2. Appoint a Data Protection Officer (DPO)
Article 37 of the GDPR states that both controllers and processes need to appoint a Data Protection Officer (DPO) to oversee the data protection strategy. Note that even processes are expected to have a data protection strategy even though they’re just following data handling instructions set by processors.
According to the GDPR, an organization must appoint a DPO if any of the following conditions are met:
- If data is processed by a public authority
- If collected data undergoes systematic monitoring
- If collected data is processed at a large scale
Unfortunately, the GDPR doesn’t define how large “large scale” is. Because of this ambiguity, many organizations are opting to appoint DPOs just to be safe.
Organizations should appoint DPOs where their data processing operations are centralized, even if it’s located outside the EU. If an organization is located in the EU, a DPO should be stationed in the member state of the company’s headquarters.
Ideally, the DPO should speak the same languages as the GDPR regulators in that state. This will help organizations understand, and therefore comply with, the GDPR nuances of that state.
Article 39 of the GDPR says that a DPO should be capable of completing the following duties:
- Confidently advising both controllers and processes of best GDPR compliance practices
- Monitoring data handling to ensure GDPR compliance
- Provide accurate advice about data protection impact assessments
- Act as the primary point of contact for all data processing inquiries
- Act as the primary point of contact between the company and GDPR regulators
- Have a clear understanding of all the potential risks associated with different processing operations
To effectively carry out these responsibilities, a DPO should possess expert knowledge of GDPR laws and best practices.
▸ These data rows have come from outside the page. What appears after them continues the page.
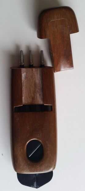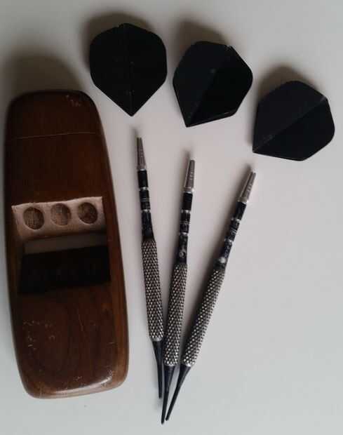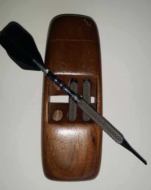 Esto hice aproximadamente hace 20 años, en su día, cuando solía frecuentar bares y de vez en cuando jugar a los dardos. Los casos de plástico tienda comprado eran grandes y algo voluminosos; Quería algo que podía tener cómodamente en el bolsillo. Después de unas cuantas cervezas tienden a ser olvidadizos y no quiero dejar mis dardos en algún lugar. Así después de todo ese tiempo la caja es un poco atontado para arriba, o se podría decir que tiene carácter adquirido. El caso tiene tres dardos hay una muesca del pulgar en la parte posterior para el deslizamiento de la tapa se unió a cola de Milano (véase cuadro 4) la fricción de vuelos (plumas plástico) encaja en una ranura en la parte inferior y se puede empujar fuera de la ranura por el agujero del pulgar en la parte posterior.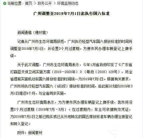 近日,在广州市生态环境局官网头条上,正式官宣:广州调整至2019年7月1日起执行国六标准。原来的计划为2019年3月1日,新规定推迟了4个月,和整个广东省同步实施。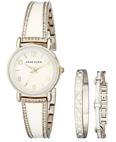 近期好價(jià)!Anne Klein 安妮?克萊恩 AK/2052IVST 女款施華洛世奇水晶腕表手鐲套裝 $75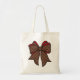 Red + Brown Checkered + Faux Glitter Bow Tote Bag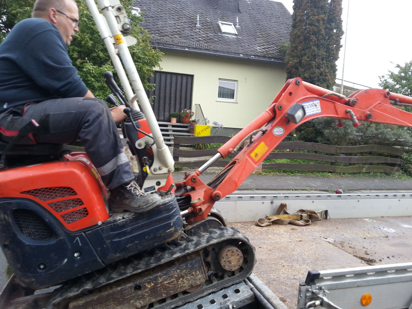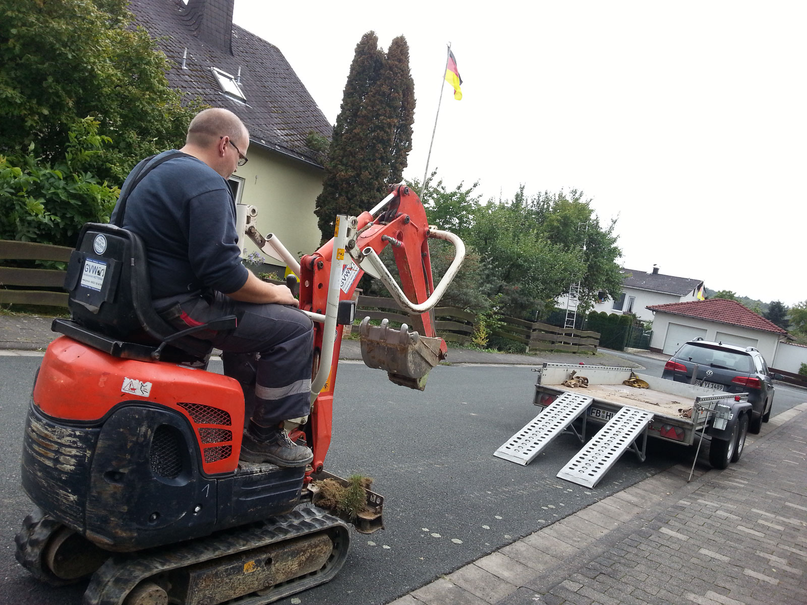 Nachdem ich den „Kleinen“ (na ja, der wog schon 800 kg) mit meinem Töff-Töff auf einem viel zu großen Hänger nach Weilrod geholt hatte, ging es ans Abladen (genauer gesagt ist das ein Foto vom Aufladen, denn es war beim Abladen kein Fotograf zugegen :))

To support the efforts of DPOs, organizations should adopt an attack surface monitoring solution to identify vulnerabilities that could be exposing processed data.
3. Create a GDPR diary
A GDPR diary, or a Data Register, is a comprehensive record of how an organization is practicing GDPR compliance. This would need to be created after identifying all of your data sources (point 1 in this list).
A GDPR diary should map the flow of data through your organization, the more details that can be included the better. In the event of an audit, the GDPR diary will serve as proof of compliance.